(Work instruction) Below are entries with pictures in them. Output exactly the lines starting at the line with "But once the" and ending at the line with "La Fiscalía General", both included, but not the pictures.

#### Data for analysis ####

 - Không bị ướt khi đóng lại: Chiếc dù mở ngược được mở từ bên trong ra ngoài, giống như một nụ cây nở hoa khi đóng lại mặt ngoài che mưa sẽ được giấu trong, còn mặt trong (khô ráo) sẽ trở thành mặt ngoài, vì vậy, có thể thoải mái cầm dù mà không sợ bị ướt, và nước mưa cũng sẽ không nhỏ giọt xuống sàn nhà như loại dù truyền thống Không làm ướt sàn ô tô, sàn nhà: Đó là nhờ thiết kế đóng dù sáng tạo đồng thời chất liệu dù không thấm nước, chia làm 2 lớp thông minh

####
#### Data for analysis ####

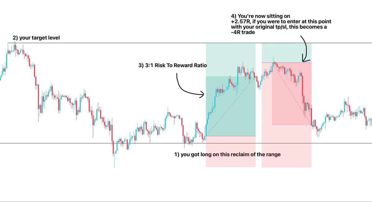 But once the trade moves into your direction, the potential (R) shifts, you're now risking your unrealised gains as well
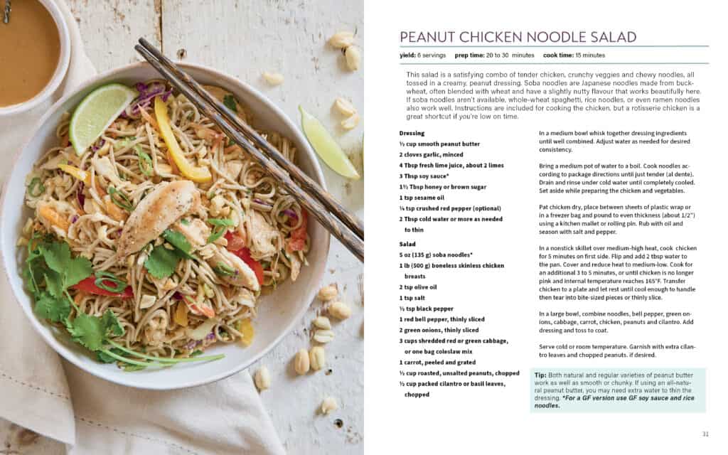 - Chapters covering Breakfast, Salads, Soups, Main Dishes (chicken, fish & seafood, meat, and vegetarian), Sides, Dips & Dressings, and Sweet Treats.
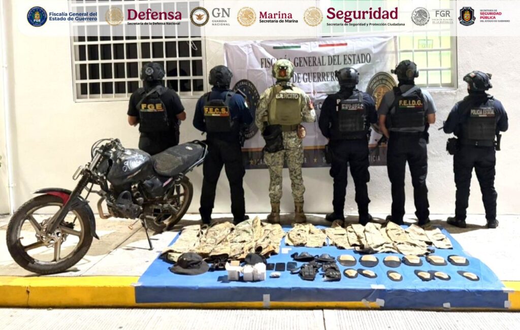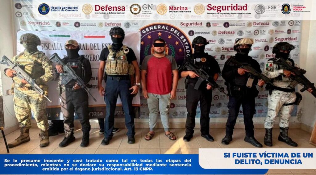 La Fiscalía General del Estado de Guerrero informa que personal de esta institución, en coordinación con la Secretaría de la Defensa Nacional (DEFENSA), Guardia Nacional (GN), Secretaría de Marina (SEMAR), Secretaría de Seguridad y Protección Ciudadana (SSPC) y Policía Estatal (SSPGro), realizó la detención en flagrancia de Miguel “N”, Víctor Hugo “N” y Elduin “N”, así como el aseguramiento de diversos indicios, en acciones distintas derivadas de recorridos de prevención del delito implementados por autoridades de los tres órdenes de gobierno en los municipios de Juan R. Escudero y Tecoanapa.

####
#### Data for analysis ####

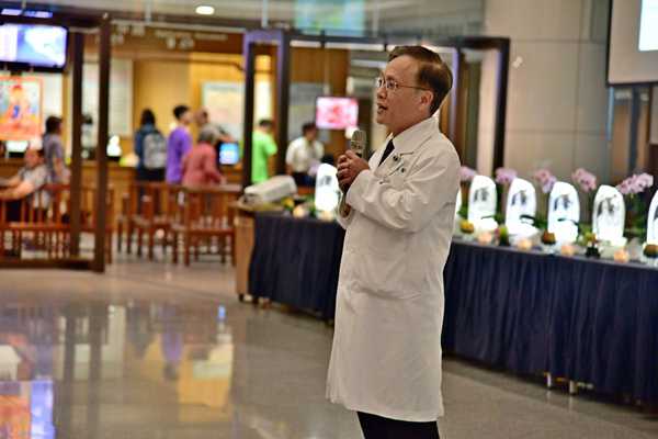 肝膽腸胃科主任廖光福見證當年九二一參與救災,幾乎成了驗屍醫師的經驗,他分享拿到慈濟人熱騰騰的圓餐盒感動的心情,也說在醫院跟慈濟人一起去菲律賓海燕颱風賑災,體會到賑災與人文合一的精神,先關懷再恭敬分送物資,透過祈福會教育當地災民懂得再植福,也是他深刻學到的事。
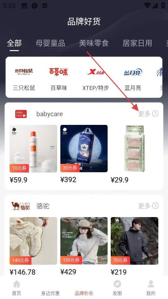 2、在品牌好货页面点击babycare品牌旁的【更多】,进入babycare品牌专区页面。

####

(Result)
 But once the trade moves into your direction, the potential (R) shifts, you're now risking your unrealised gains as well
 - Chapters covering Breakfast, Salads, Soups, Main Dishes (chicken, fish & seafood, meat, and vegetarian), Sides, Dips & Dressings, and Sweet Treats.
 La Fiscalía General del Estado de Guerrero informa que personal de esta institución, en coordinación con la Secretaría de la Defensa Nacional (DEFENSA), Guardia Nacional (GN), Secretaría de Marina (SEMAR), Secretaría de Seguridad y Protección Ciudadana (SSPC) y Policía Estatal (SSPGro), realizó la detención en flagrancia de Miguel “N”, Víctor Hugo “N” y Elduin “N”, así como el aseguramiento de diversos indicios, en acciones distintas derivadas de recorridos de prevención del delito implementados por autoridades de los tres órdenes de gobierno en los municipios de Juan R. Escudero y Tecoanapa.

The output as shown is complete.